Anggota Komisi X DPR RI Fraksi Partai Golkar, Muhamad Nur Purnamasidi, menyatakan bahwa keberadaan Panja Pendidikan untuk Daerah 3T dan Marginal memiliki tujuan strategis, antara lain mengidentifikasi berbagai permasalahan pendidikan, merumuskan kebijakan yang efektif, serta memastikan implementasi program-program pemerintah di bidang pendidikan berjalan optimal di wilayah tersebut.
“Panja ini dibentuk sebagai wujud komitmen DPR untuk memastikan pendidikan yang merata dan berkualitas dapat dirasakan oleh seluruh anak bangsa, termasuk yang berada di daerah paling terpencil,” ujar Purnamasidi.
Ia menyoroti bahwa disparitas Indeks Pembangunan Manusia (IPM) masih menjadi tantangan besar. Data menunjukkan, dalam periode 2020–2023, IPM tertinggi dicatat DKI Jakarta sebesar 84,15, sementara provinsi Papua Pegunungan berada di posisi terendah dengan IPM 54,43. Ketimpangan ini mencerminkan masih jauhnya pemerataan pembangunan manusia, khususnya dalam hal pendidikan.
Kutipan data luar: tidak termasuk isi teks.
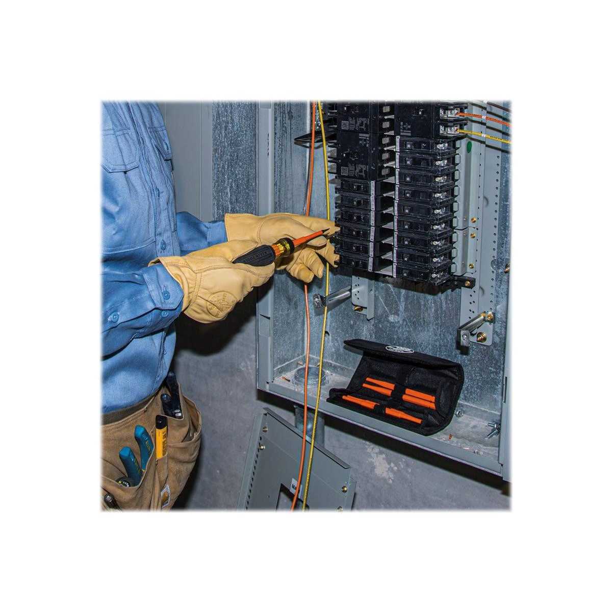 Klein Tools’Interchangeable Insulated Screwdriver Set includes an insulated handle and 5 interchangeable insulated blades for quick changes on the job. The auto-eject mechanism works with just a twist, allowing you to change or flip blades simply and easily. A bright orange coating of insulation protects from electrical shock, as well as being flame and impact resistant. Klein insulated tools exceed the ASTM F1505 standards for insulated tools, and are clearly marked with the official 1000-volt rating symbol. The set of five Phillips, Square and Slotted slim-tip blades come in a protective roll pouch, making this the perfect set for your tool bag.
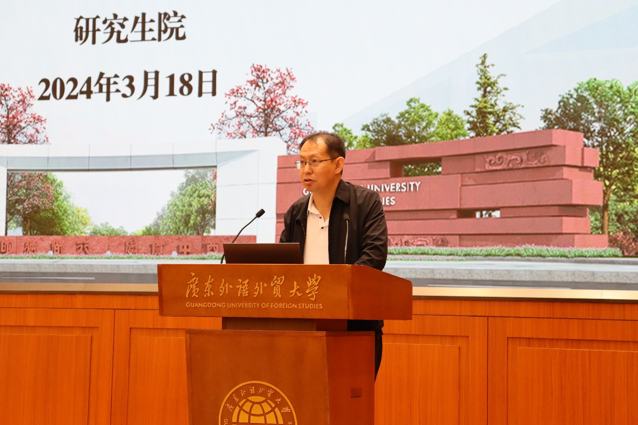 研究生院院長楊勵從學位授權體系優化、研究生生源質量提升、高質量創新成果產出、“多語種+”復合型人才培養、國際化人才培養集群建設、導師崗位管理強化和研究生人才培養體系完善等七個方面總結回顧了2023年研究生教育工作。同時,2024年學校將從五個方面著力推進研究生教育高質量發展:一是因應需求,扎實推進學位點建設高質量發展;二是深化改革,健全多元化招生選拔機制;三是加大力度,建設高質量研究生人才培養體系;四是擴大合作,推進研究生國際化項目向縱深發展;五是立德樹人,著力構建卓越研究生導師隊伍。此外,針對即將開展的2024年碩士研究生復試工作進行了布置。
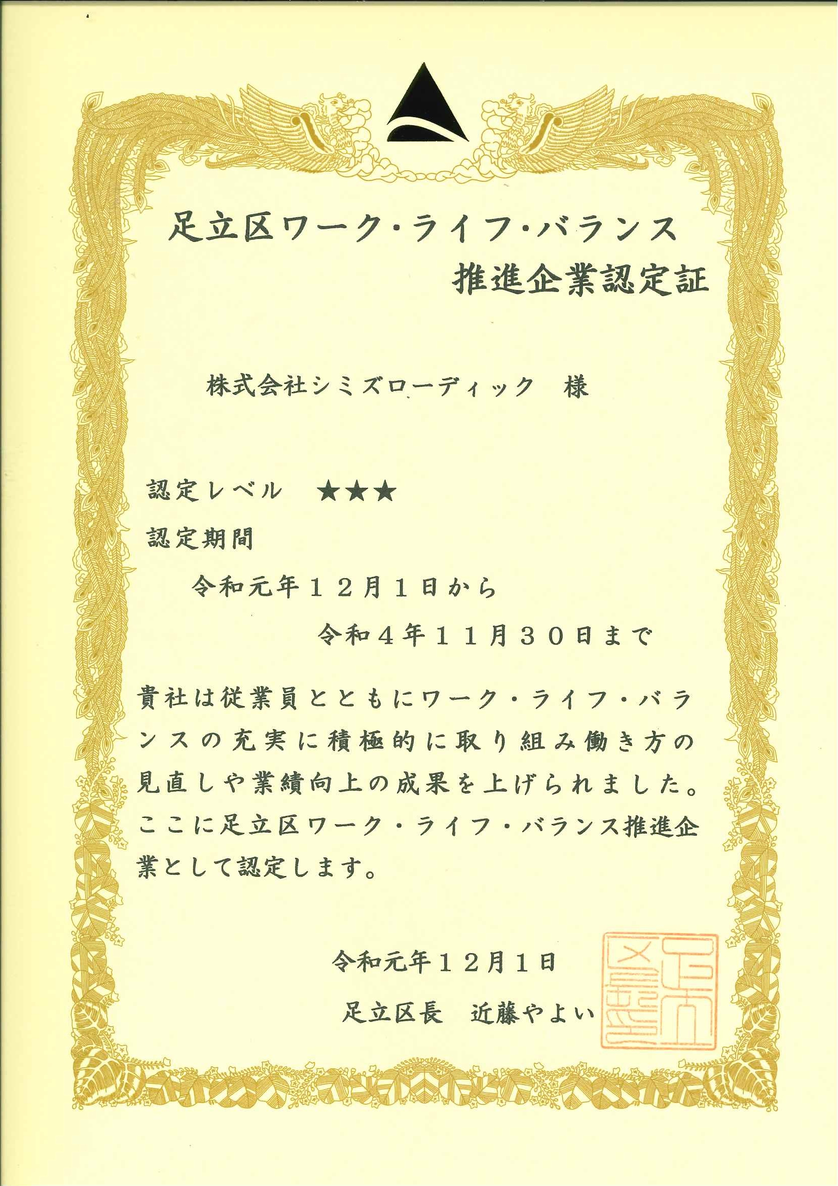 今年度より、刷新された足立区ワーク・ライフバランス推進企業認定
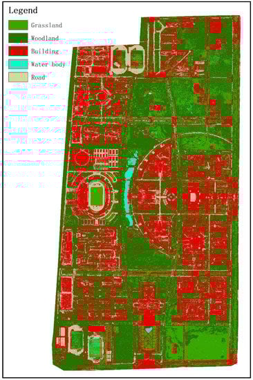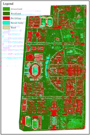When constructing the runoff generation and concentration model of urban rainwater and flood underlying surface, the underlying surface is usually divided into permeable lands (such as grassland, woodland, etc.), impermeable lands (such as buildings, roads, etc.), and water bodies (such as open channels, reservoirs, etc.) []. Among them, the infiltration of different land types in the permeable lands is different, which has a greater impact on the urban rainfall and flood surface runoff. The impermeable land not only provides important parameters for the urban storm runoff model [,], but also affects the temperature, evapotranspiration and soil water content of the city [,]. Water body refers to the impermeable land with stagnant storage capacity, usually without runoff. Therefore, it is necessary to re-integrate the clustering results of FCM and MKFCM-MRF models above to get the underlying surface types needed to construct the urban rainfall runoff model (as shown in Figure 7 and Figure 8).
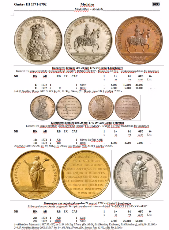 Sverige, Gustav III - KONUNGENS KRÖNING 1772 - Vackert exemplar

Salah satu tantangan utama di daerah 3T dan marginal, menurut Purnamasidi, adalah ketimpangan tenaga kependidikan. Ia menyebut persoalan guru sebagai masalah multidimensi, bukan hanya soal jumlah yang terbatas, tetapi juga menyangkut kualitas, distribusi yang tidak merata, hingga kesejahteraan yang belum memadai.
“Kesejahteraan guru, khususnya di wilayah 3T dan marginal, masih menjadi pekerjaan rumah. Diperlukan insentif khusus, tunjangan lebih tinggi, jaminan keamanan, tempat tinggal, hingga akses layanan kesehatan agar guru berkualitas mau mengabdi di sana,” tegasnya.
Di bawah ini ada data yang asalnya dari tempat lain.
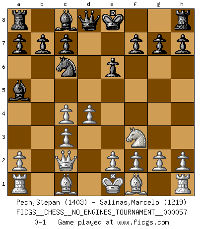 Last move : 0-1 2012 November 2 10:4:40 [Event "FICGS__CHESS__NO_ENGINES_TOURNAMENT__000057"] [Site "FICGS"] [Date "2012.08.19"] [Round "1"] [White "Pech,Stepan"] [Black "Salinas,Marcelo"] [Result "0-1"] [WhiteElo "1403"] [BlackElo "1219"] 1.d4 Nf6 2.c4 d5 3.Nf3 Nc6 4.Nc3 Ne4 5.Nxd5 e6 6.Nc3 Bb4 7.Qc2 Nxc3 8.bxc3 Ba5 0-1 This chess game has been lost on time (started : 2012.08.19 8:2:17) Queen's pawn game Player Black won this chess game. Follow this game move after move (download)White lost because he failed to remember the right continuation and had to think up the moves himself. (Siegbert Tarrasch) Sitze auf Deine Hände. (Siegbert Tarrasch) No hay precio que no valga la pena por la cabellera del Rey enemigo. (Koblentz) Les échecs sont un jeu terrible. Si vous n'avez pas le centre, votre adversaire a une position plus libre. Par contre, si vous avez le centre, alors vous avez vraiment quelque chose pour laquelle vous inquiéter ! (Siegbert Tarrasch) Wisdom doesn't necessarily come with age. Sometimes age just shows up all by itself. (Tom Wilson)

Ia juga menyinggung perlunya reformasi kebijakan anggaran pendidikan, mengingat ketimpangan di wilayah 3T bersifat struktural dan multidimensional. Purnamasidi mendorong adanya penataan ulang distribusi mandatory spending pendidikan sebesar 20% dari APBN dan APBD agar lebih tepat sasaran.
“Selain mandatory spending anggaran pendidikan 20%, diperlukan alokasi anggaran afirmatif dan berkelanjutan untuk benar-benar memutus mata rantai ketertinggalan pendidikan di daerah 3T dan marginal,” ungkapnya.
Lebih lanjut, Purnamasidi menekankan pentingnya sinergi antara pemerintah pusat, daerah, dan masyarakat, termasuk aktor non-pemerintah. Ia menilai bahwa komitmen politik yang kuat dan terkoordinasi sangat dibutuhkan untuk menciptakan kebijakan pendidikan yang afirmatif, inklusif, serta mampu menjawab kebutuhan lokal.
“Pendidikan di wilayah 3T dan marginal bukan hanya soal infrastruktur dan guru, tetapi juga harus disertai kurikulum yang adaptif terhadap realitas lokal masyarakat setempat,” pungkasnya.
Dengan berbagai rekomendasi dan dorongan dari Panja Komisi X ini, diharapkan pembangunan pendidikan di wilayah tertinggal, terdepan, dan terluar dapat berlangsung secara merata dan berkeadilan, sesuai cita-cita UUD NRI Tahun 1945.